Segment Start: Information supplied

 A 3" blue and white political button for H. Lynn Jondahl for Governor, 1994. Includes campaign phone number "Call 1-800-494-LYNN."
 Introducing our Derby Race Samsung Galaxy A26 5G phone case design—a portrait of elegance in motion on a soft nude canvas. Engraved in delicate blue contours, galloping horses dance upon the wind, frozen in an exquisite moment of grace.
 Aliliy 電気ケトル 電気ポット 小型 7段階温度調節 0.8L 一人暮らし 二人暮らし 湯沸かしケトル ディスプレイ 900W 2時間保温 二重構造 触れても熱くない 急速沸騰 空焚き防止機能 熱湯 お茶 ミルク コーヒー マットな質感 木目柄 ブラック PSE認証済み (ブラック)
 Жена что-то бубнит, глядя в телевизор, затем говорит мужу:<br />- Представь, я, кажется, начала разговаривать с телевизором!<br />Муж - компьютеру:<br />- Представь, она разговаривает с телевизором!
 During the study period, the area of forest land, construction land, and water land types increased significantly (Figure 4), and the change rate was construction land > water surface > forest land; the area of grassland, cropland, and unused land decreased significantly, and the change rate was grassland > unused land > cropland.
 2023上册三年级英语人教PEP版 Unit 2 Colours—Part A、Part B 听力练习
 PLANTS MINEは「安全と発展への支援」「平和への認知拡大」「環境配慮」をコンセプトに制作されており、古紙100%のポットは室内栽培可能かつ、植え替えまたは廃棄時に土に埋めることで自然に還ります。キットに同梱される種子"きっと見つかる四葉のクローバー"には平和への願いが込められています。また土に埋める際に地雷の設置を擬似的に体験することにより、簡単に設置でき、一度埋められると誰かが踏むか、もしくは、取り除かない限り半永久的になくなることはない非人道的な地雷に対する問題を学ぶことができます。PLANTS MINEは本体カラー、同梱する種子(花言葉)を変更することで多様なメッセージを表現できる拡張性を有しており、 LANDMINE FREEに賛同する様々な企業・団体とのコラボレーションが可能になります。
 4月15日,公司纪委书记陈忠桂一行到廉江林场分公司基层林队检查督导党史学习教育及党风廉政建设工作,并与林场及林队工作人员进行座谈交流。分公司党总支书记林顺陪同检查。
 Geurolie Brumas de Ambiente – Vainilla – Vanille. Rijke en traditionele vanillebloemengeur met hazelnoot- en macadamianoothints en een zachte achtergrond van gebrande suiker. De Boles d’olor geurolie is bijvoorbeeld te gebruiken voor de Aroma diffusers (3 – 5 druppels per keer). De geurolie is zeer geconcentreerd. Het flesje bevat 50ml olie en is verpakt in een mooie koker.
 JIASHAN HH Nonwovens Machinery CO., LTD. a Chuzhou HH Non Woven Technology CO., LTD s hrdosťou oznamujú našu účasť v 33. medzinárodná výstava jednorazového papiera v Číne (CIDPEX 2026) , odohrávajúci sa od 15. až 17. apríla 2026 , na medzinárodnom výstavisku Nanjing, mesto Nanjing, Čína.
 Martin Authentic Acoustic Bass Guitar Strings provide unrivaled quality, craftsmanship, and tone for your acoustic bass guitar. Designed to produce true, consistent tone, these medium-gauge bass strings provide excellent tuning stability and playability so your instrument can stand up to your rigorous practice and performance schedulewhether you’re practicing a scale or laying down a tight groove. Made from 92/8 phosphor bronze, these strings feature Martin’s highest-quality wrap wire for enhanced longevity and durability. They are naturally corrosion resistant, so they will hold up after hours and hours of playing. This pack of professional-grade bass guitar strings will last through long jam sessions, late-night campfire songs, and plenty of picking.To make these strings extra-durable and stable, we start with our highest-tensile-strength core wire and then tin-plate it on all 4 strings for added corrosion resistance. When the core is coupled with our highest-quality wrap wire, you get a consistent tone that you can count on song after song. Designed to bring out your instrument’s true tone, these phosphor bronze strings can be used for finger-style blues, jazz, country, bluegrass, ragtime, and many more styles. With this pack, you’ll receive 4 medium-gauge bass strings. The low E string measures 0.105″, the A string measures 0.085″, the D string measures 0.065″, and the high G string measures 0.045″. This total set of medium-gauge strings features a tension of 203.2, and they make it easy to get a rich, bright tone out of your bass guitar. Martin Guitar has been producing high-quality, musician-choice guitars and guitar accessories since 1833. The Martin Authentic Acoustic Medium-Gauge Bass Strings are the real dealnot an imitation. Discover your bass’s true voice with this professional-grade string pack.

Segment End: Information supplied

[Task brief]: Starting at the line above that holds "Жена что-то бубнит, глядя" and ending at the line that holds "4月15日,公司纪委书记陈忠", transcribe each line exactly and include no other lines.

[Finished exercise]:
 Жена что-то бубнит, глядя в телевизор, затем говорит мужу:<br />- Представь, я, кажется, начала разговаривать с телевизором!<br />Муж - компьютеру:<br />- Представь, она разговаривает с телевизором!
 During the study period, the area of forest land, construction land, and water land types increased significantly (Figure 4), and the change rate was construction land > water surface > forest land; the area of grassland, cropland, and unused land decreased significantly, and the change rate was grassland > unused land > cropland.
 2023上册三年级英语人教PEP版 Unit 2 Colours—Part A、Part B 听力练习
 PLANTS MINEは「安全と発展への支援」「平和への認知拡大」「環境配慮」をコンセプトに制作されており、古紙100%のポットは室内栽培可能かつ、植え替えまたは廃棄時に土に埋めることで自然に還ります。キットに同梱される種子"きっと見つかる四葉のクローバー"には平和への願いが込められています。また土に埋める際に地雷の設置を擬似的に体験することにより、簡単に設置でき、一度埋められると誰かが踏むか、もしくは、取り除かない限り半永久的になくなることはない非人道的な地雷に対する問題を学ぶことができます。PLANTS MINEは本体カラー、同梱する種子(花言葉)を変更することで多様なメッセージを表現できる拡張性を有しており、 LANDMINE FREEに賛同する様々な企業・団体とのコラボレーションが可能になります。
 4月15日,公司纪委书记陈忠桂一行到廉江林场分公司基层林队检查督导党史学习教育及党风廉政建设工作,并与林场及林队工作人员进行座谈交流。分公司党总支书记林顺陪同检查。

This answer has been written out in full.